The venerable Nestor speaks to the same effect; and Agamemnon himself closes the debate with a call to immediate battle. It is a right royal speech, far more worthy of a true “king of men” than his former philippics—moderate in his allusion to Achilles, spirited in his appeal to his warriors.

“Come but new friendship, and our feud destroy,
Then from the evil that is fixed and sealed
Not one day’s respite shall be left to Troy—
But now to dinner, ere we take the field;
Let each his spear whet, and prepare his shield,
Feed well the horses, and each chariot test,
That we may fight it out till one side yield,
Fight in sound harness, and not think of rest,
Till the black night decide it as to Zeus seems best.

“Then shall the horses in their foam be wet,
While forward in the glittering car they strain;
Then shall the straps of the broad buckler sweat
Round many a breast there battling in the plain;
Then shall the arm droop, hurling spears with pain:
And whomsoever I behold at lair
Here by the ships, and for the fight not fain,
Small for that skulker is the hope, I swear,
But that the dogs he fatten and the fowls of air.” (W.)

He remembers, too, like a wise general, that a battle may be lost by fighting on an empty stomach.
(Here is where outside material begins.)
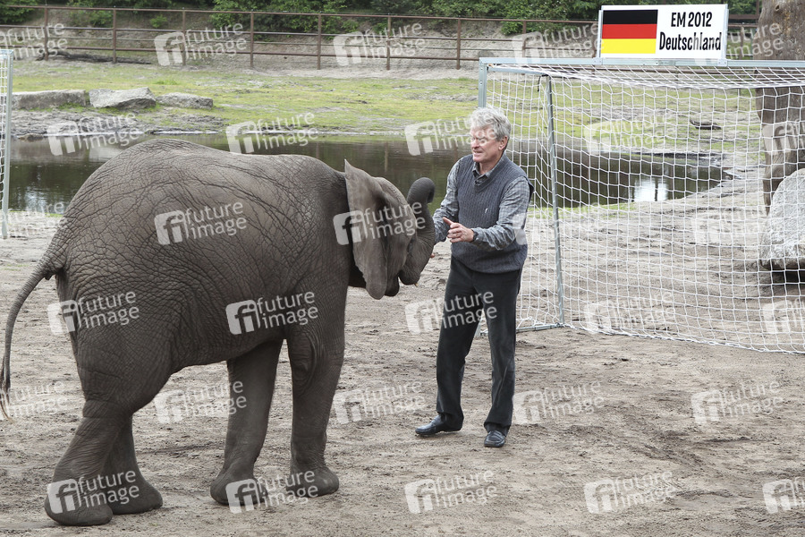 Start der Fan Fun Runde mit Elefantendame Nelly im Serengeti-Park, Hodenhagen. Gemeinsam mit Sepp Maier tippte Sie heute für das erste Spiel der deutschen Fußballnationalmannschaft gegen Portugal

So the oxen and the fatlings are slain, the choice pieces of the thighs and the fat are offered in sacrifice to the gods, and then the whole army feasts their fill. Agamemnon holds a select banquet of six of the chief leaders—King Idomeneus of Crete, Nestor, Ajax the Greater and the Less, and Ulysses, “wise in council as Zeus.” One guest comes uninvited—his brother Menelaus. He is no dinner-loving intruder; he comes, as the poet simply tells us, “because he knew in his heart how many were his brother’s cares and anxieties,”—he might be of some use or support to him. Throughout the whole of the poem, the mutual affection borne by these two brothers is very remarkable, and unlike any type of the same relationship which exists in fiction. It is never put forward or specially dwelt upon, but comes out simply and naturally in every particular of their intercourse.
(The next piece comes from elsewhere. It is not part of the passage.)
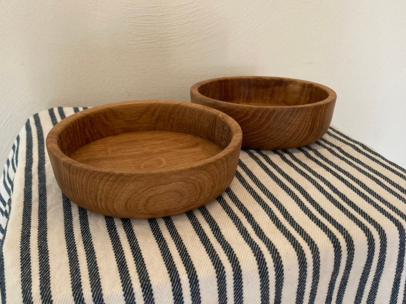 Set eikenhouten schaaltjes 12,5 cm

A king and priest, like Abraham at Bethel, Agamemnon stands by his burnt-offering, and lifts his prayer for victory to Jupiter, “most glorious and most great, who dwells in the clouds and thick darkness.” But no favourable omen comes from heaven. The god, whether or no he accepts the offering, gives no sign. Nevertheless—we may suppose with a certain wilfulness which is part of his character—Agamemnon proceeds to set the battle in array; and the second book of the Iliad closes with the long muster-roll of the Greek clans under their respective kings or chiefs on the one side, and of the Trojans and their allies on the other, which in our introduction has already been partly anticipated.[14] The long list of chiefs, with their genealogies and birthplaces, and the strength of their several contingents, was evidently composed with a view to recitation: and whatever may be its value as an authentic record, we can understand the interest with which a Greek audience would listen to a muster-roll which was to them what the Roll of Battle Abbey was to the descendants of the Normans in England. If here and there, upon occasion, the wandering minstrel inserted in the text the name and lineage of some provincial hero on his own responsibility, the popular applause would assuredly be none the less.

CHAPTER II.
THE DUEL OF PARIS AND MENELAUS.

The battle is set in array, “army against army.” But there is a difference in the bearing of the opposed forces which is very significant, and is probably a note of real character, not a mere stroke of the poet’s art. The Trojan host, after the fashion of Asiatic warfare, modern as well as ancient, move forward to the combat with loud shouts and clashing of weapons. The poet compares their confused clamour to the noise of a flock of cranes on their annual migration. The Greeks, on the other hand, march in silence, with closed ranks, uttering no sound, but “breathing determination.” So, when afterwards they actually close for action, not a sound is heard in their ranks but the voice of the leaders giving the word of command. “You would not think,” says the poet, “that all that mighty host had tongues;” while, in the mixed battalions of the enemy, whose allies are men of many lands and languages, there arises a noisy discordant clamour—“like as of bleating ewes that hear the cries of their lambs.”

But while the hostile forces yet await the signal for the battle, Paris springs forth alone from the Trojan ranks. “Godlike” he is in his beauty, and with the leve of personal adornment which befits his character, he wears a spotted leopard’s hide upon his shoulders. Tennyson’s portrait of him, though in a different scene, is thoroughly Homeric—

“White-breasted like a star,
Fronting the dawn he moved; a leopard’s skin
Drooped from his shoulder, but his sunny hair
Clustered about his temples like a god’s.”